A variation graph represents the mutual alignment of a set of sequences in a compact, visually-accessible structure. They are used in diverse applications in genome sequence analysis, comparative genomics, and linguistics. A growing community of researchers explores their applications to pangenomics and high-throughput genomics.
The nodes of these labeled graphs represent fragments of consecutive sequences (perhaps DNA, protein, text, or locations). Their edges describe allowed or observed transitions between nodes found in actual sequences of interest. Paths record walks of sequences through the nodes of the graph.
The promise of differential privacy in pangenomics
Human genomes are both useful and difficult to utilize. Knowing what sequences (alleles or haplotypes) exist in the population can help us observe and understand new genomes that we assemble. This is critically useful in fields like medicine, population genetics, and agriculture. However, it can be difficult to share genomic information due to issues of privacy.
Researchers have deeply explored techniques to produce differentially-private summarizations of some genomic information, such as SNPs and other small variants, but thus far no methods approach the question of differential privacy of arbitrary genome sequence and assemblies. As variation graphs are becoming a standard for the representation of pangenomes, which new sequencing technology is allowing us to rapidly accumulate for humans and other species, they are an ideal target for the application of privacy-preserving data release.
Differentially-private mobility graphs
Location data can be represented in a variation graph by encoding quantized location/times in nodes, and expressing individual movements as paths through these nodes. Just as a differentially-private variation graph can help us understand common haplotypes tracing through the graph, a differentially-private model of collective mobility information can help us to understand common flows of people through space and time.
These flows are traditionally difficult for researchers and public planners to access and share, due to the risk of identification and tracking of individiuals. However, in light of the COVID-19 pandemic we see critical importance in making them available. Tools in privvg will support application to mobility data, but work remains to be done to transform the data into formats directly compatible with those used in pangenomics.
We envision a future in which individuals who assemble their genomes for personal or medical reasons could release (via a trusted third party) useful information from their own genome by mixing their genome and others in a privacy-preserving pangenomic variation graph.
As a synthetic database, this differentially-private variation graph could be used directly as a reference system by tools that work on pangenomes. This trusted third-party arrangement matches contemporary practice in genomics. Our implementation simply promises the release of larger-scale information about haplotypic structures and allele frequencies that will become available with ubiquitous genome assembly.
The same approach can be applied to mobility data, textual data, and other highly-repetitive collections of sequential data.

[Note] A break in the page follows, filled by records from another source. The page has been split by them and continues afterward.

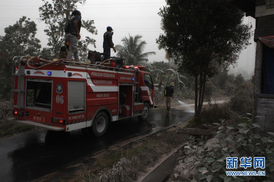 3月2日,印度尼西亞北蘇門答臘省卡羅的消防員清洗被火山灰覆蓋的道路。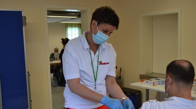 10:00 Uhr Dort, wo sonst die Beschäftigten der Fertighausfirma Schwörer in Oberstetten ihre Mahlzeiten einnehmen, herrschte am Samstag ein völlig anderes Bild: Die Kantine war für einen Tag zum Impfzentrum umfunktioniert worden, in dem innerhalb von fünf Stunden 400 Dosen Astrazeneca verabreicht wurden. (in)
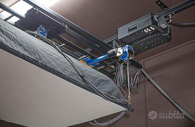 Comodissimo sistema aereo motorizzato a soffitto Fatif su rotaie. Lunghezza totale 7 m. (2 segmenti da 3.5m montati) con telecomandato a infrarossi per tutti i movimenti e relativa centralina multicanale dedicata, comprendente un bank Windowlight Lucifero con alogene e bulbi flash incorporati 150x105x50 cm e ventola raffreddamento. Affare per chi se ne intende.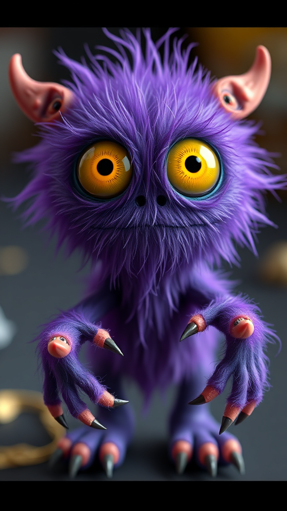 A cute, small, purple, furry monster with vibrant yellow eyes. Intricate 3D image captured using Unreal Engine, trending on ArtStation. Features realistic fur and a distinct fish-eye art style, with big reflective eyes reminiscent of Pixar animation. Embodies cinematic smoothness from Unreal Engine, showcasing intricate details with two heads and faces. The image is cropped, leaving parts out of frame, with deformed and twisted fingers and a long neck. Exhibits unique characteristics like malformed, duplicated limbs and unusual hand structures, creating a surreal effect. The monster has an elongated body with disfigured, distorted, abstract elements. Cartoon-like yet highly detailed, the artwork appears toy-like in a 3D setting. Features disjointed limbs and strange color schemes, with aspects of the image appearing blurry or low-res, culminating in a bizarre, imaginative creation.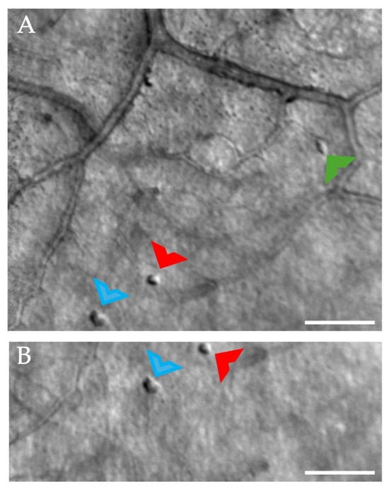 Example of cell-like structures over time in the control participant, superior nasal to the foveal avascular zone border. (A). Arrowheads (red, blue, and green) point to cell-like structures. (B). Two of the cell-like structures (red and blue arrowheads) are still visible at the same location one month later, exhibiting the same size and morphology. Scale bars = 50 µm.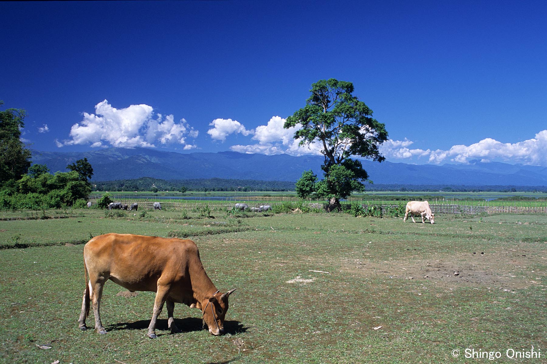 Photo 022By Shingo Onishi / 2025年8月31日 Cattle grazing on the east bank of Chindwin River, Sagaing Region, Oct. 2004 チンドウィン川東岸で草を食む牛たち
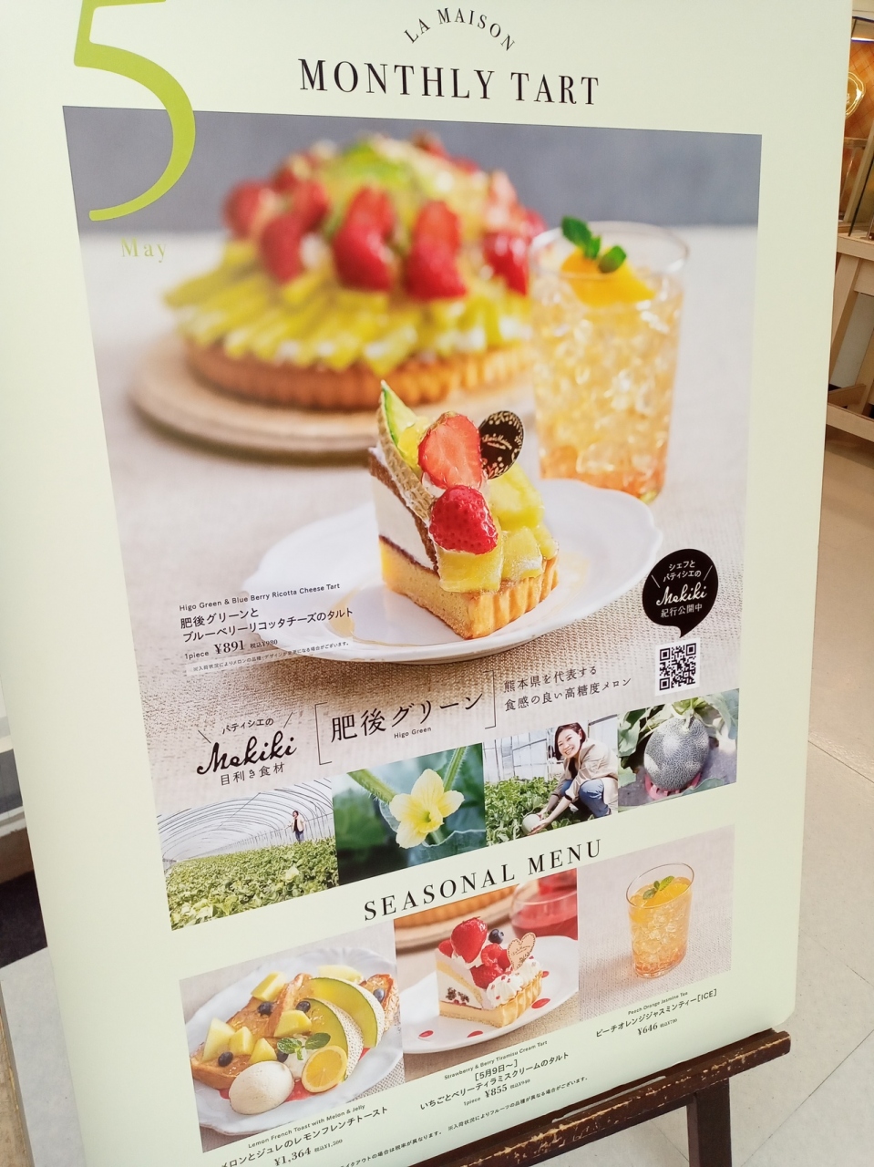 千葉県・船橋の『ららぽーとTOKYO−BAY』にて、季節のSWEETSがいただける『ラ・メゾン アンソレイユターブル ららぽーとTOKYO-BAY店』では、『MONTHLY TART』が楽しめます。5月は「肥後グリーン」を使用していて、爽やかなグリーンカラーも新緑の美しい5月らしくて良いです。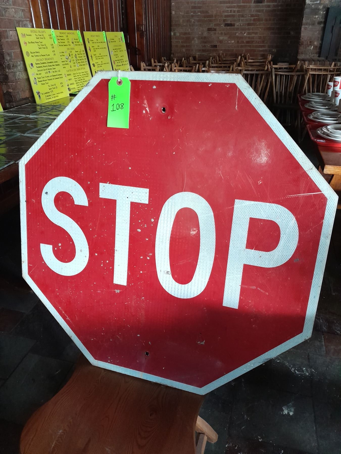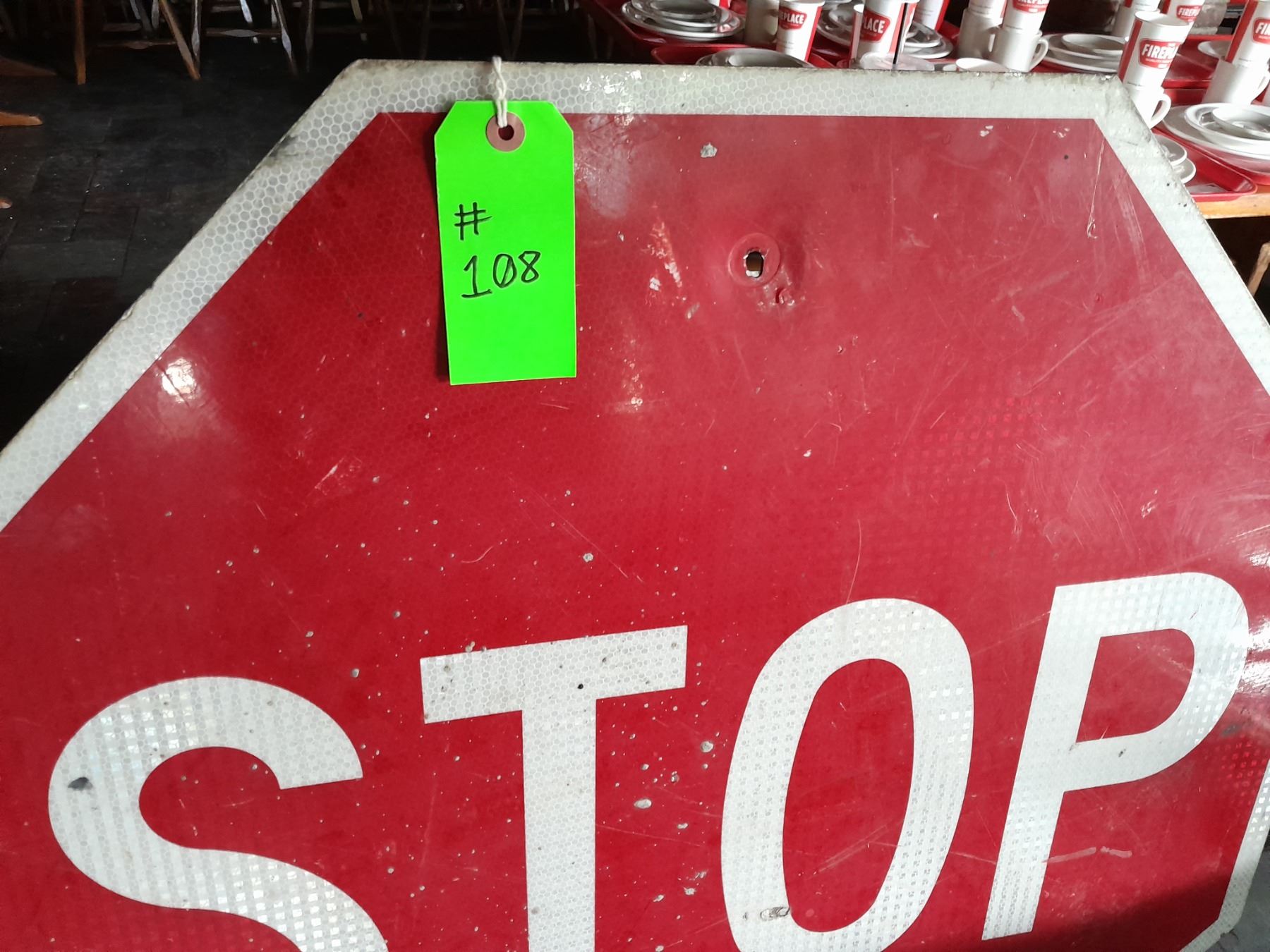 The Fireplace Restaurant - Metal Stop Street Sign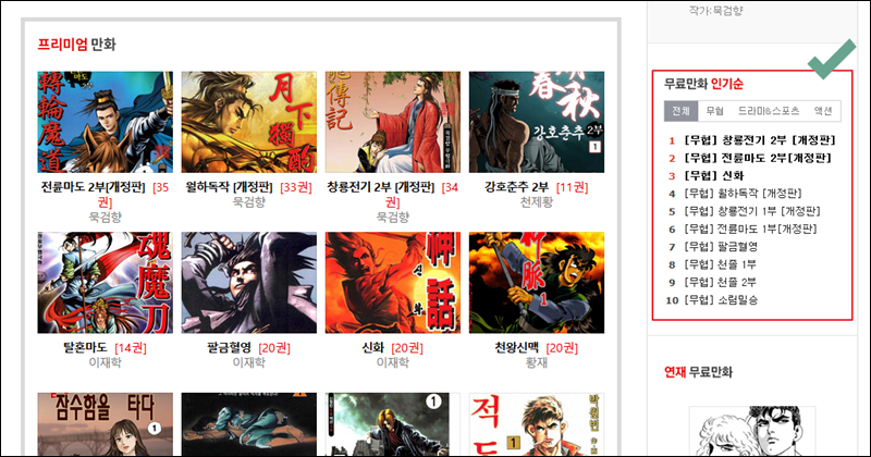 다시 메인화면을 통해 전권 무료만화보기 방법을 알려드릴게요. 일단 재미있는 작품을 골라야 하는데요. 메인화면 중앙에 있는 프리미엄 만화 섹션을 보면 퀄리티 높은 작품들을 전권으로 만나볼 수 있어요. 사이트 우측에는 여기서 볼 수 있는 작품에 대한 인기 순위를 확인할 수 있는데요. 전체 순위와 장르별 순위가 있어요. 처음 무료만화보기 서비스를 이용하신다면 인기 순위가 높은 작품을 추천 드리고 싶네요.

Compact, distributable data models
Methods developed for variation graphs allow the efficient compression of collections of genome and redundant sequence data. A data structure (using the graph Burrows-Wheeler transform or GBWT) built from the 1000 Genomes Project sequences can store genomes using only 1 bit per 1000 base-pair of genome sequence. These approaches are not only effcient, but they are self indexes that support efficient queries to find and match sequences.
Allowing for the redistribution of succinct data structures representing collections of genomes avoids the need to control data access or operate centralized servers. If they are compact, then researchers will only need minimal resources to use them.